Pendidikan Agama

3 Pelajaran Hidup dari KH Maimoen Zubair

√ Edu Passed Pass education quality & scientific checked by advisor, read our quality control guidelance for more info

Kiai Maimoen Zubair adalah salah satu tokoh senior di Nahdlatul Ulama (NU). Selain itu KH Maimoen Zubair juga dikenal sebagai pendiri Pondok Pesantren al-Anwar, Sarang Rembang.

Beberapa orang akrab memanggil Kiai Maoimone Zubair dengan sebutan Mbah Moen. Mbah Moen merupakan putra dari Kiai Zubair. Ia lahir pada hari Kamis, 28 Oktober 1928 di Sarang, Jawa Tengah.

Sebagai putra seorang kiai, bukan suatu hal yang asing apabila ia sudah mampu menghafal beberapa ilmu agama yang diajarkan di pondok pesantren. Kedalaman pengetahuan Mbah Moen diperoleh melalui jalan nyantri di berbagai pesantren di tanah Jawa maupun di tanah suci.

Ia pernah menjadi santri di Pondok Pesantren Lirboyo Kediri selama lima tahun di bawah bimbingan KH. Abdul Karim (Mbah Manaf), KH. Marzuqi, dan KH. Mahrus Ali.

Setelah usia Mbah Moen menginjak 21 tahun, ia pergi ke tanah suci untuk memperdalam ilmu agama.
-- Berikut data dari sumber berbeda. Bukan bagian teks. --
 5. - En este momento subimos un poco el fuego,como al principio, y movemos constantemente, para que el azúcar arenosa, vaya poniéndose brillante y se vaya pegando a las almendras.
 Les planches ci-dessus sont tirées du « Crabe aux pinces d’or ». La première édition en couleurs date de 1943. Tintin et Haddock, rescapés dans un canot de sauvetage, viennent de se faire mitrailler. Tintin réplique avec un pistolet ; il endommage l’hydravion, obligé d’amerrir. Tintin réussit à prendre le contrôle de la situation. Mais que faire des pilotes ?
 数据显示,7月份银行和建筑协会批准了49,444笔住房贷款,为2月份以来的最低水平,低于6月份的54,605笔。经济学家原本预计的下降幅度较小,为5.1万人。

Setelah itu, saat kembali ke tanah air ia juga tidak berhenti untuk nyantri dan menyebarkan ilmu di berbagai daerah.

1. Pribadi yang Rendah Hati

Keluasan ilmu Mbah Moen tidak diragukan lagi di berbagai kalangan. Ia sempat diberikan tawaran untuk masuk dalam ICMI (Ikatan Cendekiawan Muslim Indonesia).

Namun Mbah Moen justru menolak tawaran tersebut. Penolakan tersebut bukan berarti mengartikan bahwa Mbah Moen merupakan pribadi yang sombong. Melainkan hal tersebut menunjukkan bahwa ia tidak haus dengan jabatan dan kekuasaan.
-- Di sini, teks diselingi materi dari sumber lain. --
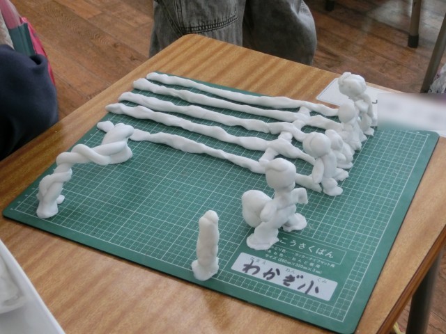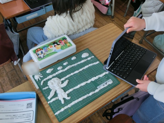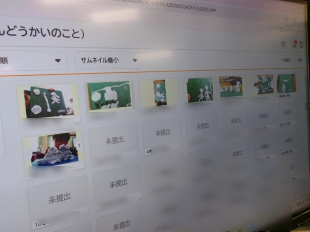 つくった作品は、自分のパソコンで写真を撮って、共有アプリに送信。教室前方の電子黒板にはそれぞれの作品の一覧が共有されていました。粘土は片付けのために崩さなければならないけど、写真で記録を残しておくことや一覧にして友達の作品も簡単に見られるようになるのはとてもよい工夫でした。
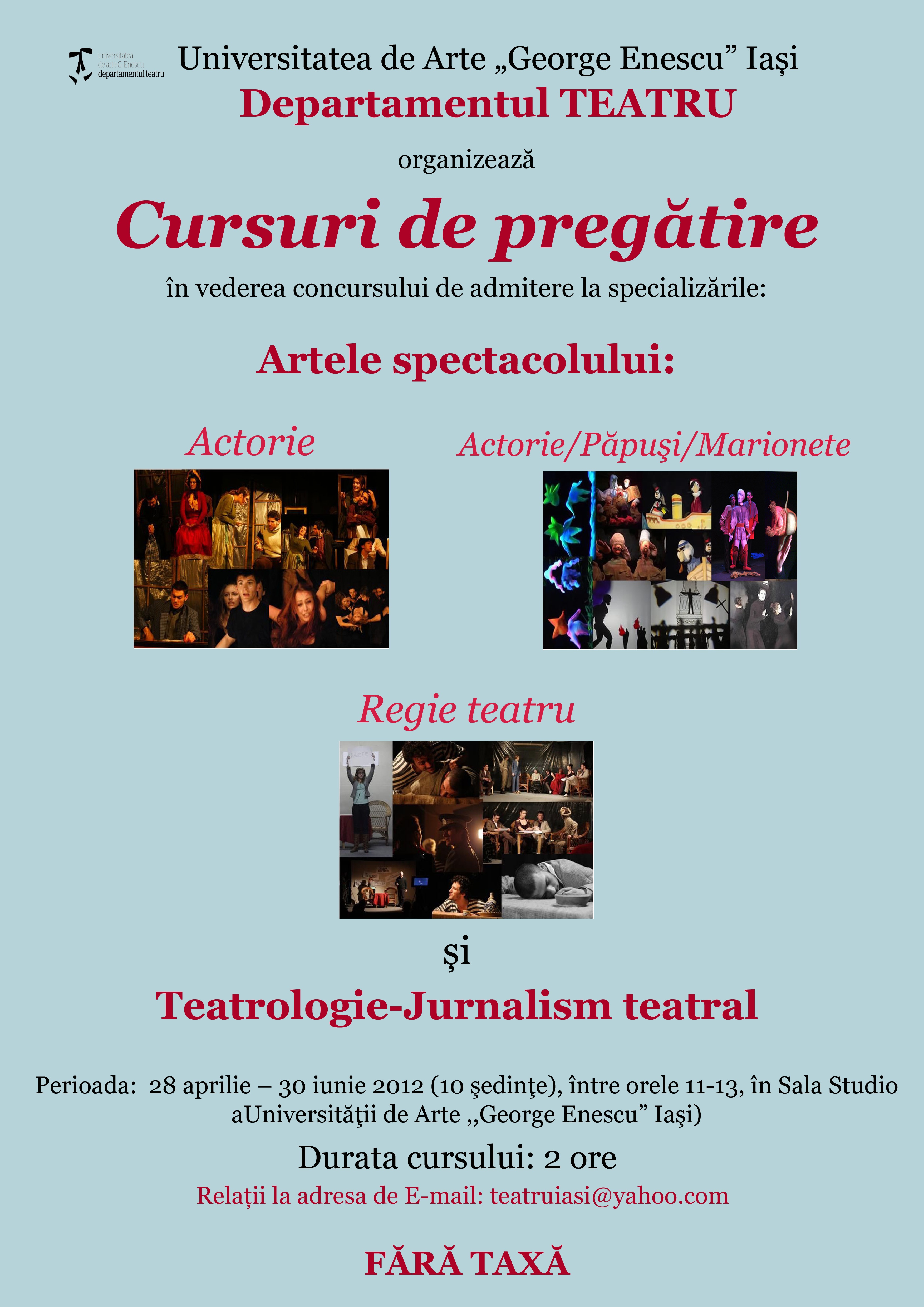 Doresti sa devii actor, actor-papusar, regizor, sau de ce nu, critic de teatru? Acum e mai simplu sa afli daca visul tau poate fi concretizat! In perioada 28 aprilie - 30 iunie, Departamentul Teatru al Universitatii de Arte “George Enescu” organizeaza cursuri pregatitoare pentru admiterea la Facultatea de Teatru. 10 cursuri cu durata a 2 ore fiecare se vor desfasura in Sala Studio a UAGE (si anexele ei) in fiecare sambata din intervalul mai sus amintit, intre orele 11-13.

Kerendahan hati ini nampak sekali pada perilaku Mbah Moen. Meskipun Mbah Moen memiliki kapasitas keilmuan yang tinggi, ia tetap menampik dan memilih untuk fokus dalam mengelola Nahdlatul Ulama (NU).

2. Mau Mengakui Kelebihan Lawan

Hubungan Kiai Maimoen Zubair dengan Gus Dur sempat diisukan renggang. Namun, pada dasarnya keduanya tidak ada permusuhan.

Suatu hari Mbah Moen menghadiri 1000 hari wafatnya Gus Dur di Ponpes Tebuireng, JombangĀ  Jawa Timur. Saat menyampaikan ceramah, ia mengutarakan bahwa sebaiknya umat Islam di Indonesia ini sebaiknya meneladani ajaran Gus Dur.

Mbah Moen sangat salut dengan sikap toleransi yang dibangun oleh Gus Dur. Gus Dur memang terkenal sebagai tokoh pluralisme di Indonesia. Meskipun dikabarkan bermusuhan, namun Mbah Moen tetap berani mengakui kelebihan Gus Dur.

3. Istiqamah

Memang benar kata orang bijak, semakin padi itu berisi, maka ia akan semakin menunduk. Begitu juga gambaran orang yang mencari ilmu. Semakin banyak ilmu seseorang, maka hal itu tidak akan menjadikannya sombong. Tentu saja padi yang berisi akan disukai banyak orang.

Sama halnya dengan orang yang berilmu. Semakin tinggi ilmu seseorang, maka semakin banyak pula orang yang menghormatinya. Ia begitu membawa banyak manfaat bagi orang di sekitarnya. Meskipun memiliki segudang Ilmu dan pengalaman di bidang politik, ia tidak goyah.

Saat era reformasi mengalami puncaknya, gemuruh demokrasi tersiar dimana-mana. Partai politik mulai bermunculan. Namun Mbah Moen tetap memilih diam. Ia tetap istiqomah di Partai Persatuan dan Pembangunan (PPP).

Mbah Moen membuktikan bahwa tingginya ilmu seseorang tidak membuat pemiliknya tinggi hati dan terlihat eksklusif dibandingkan yang lainnya.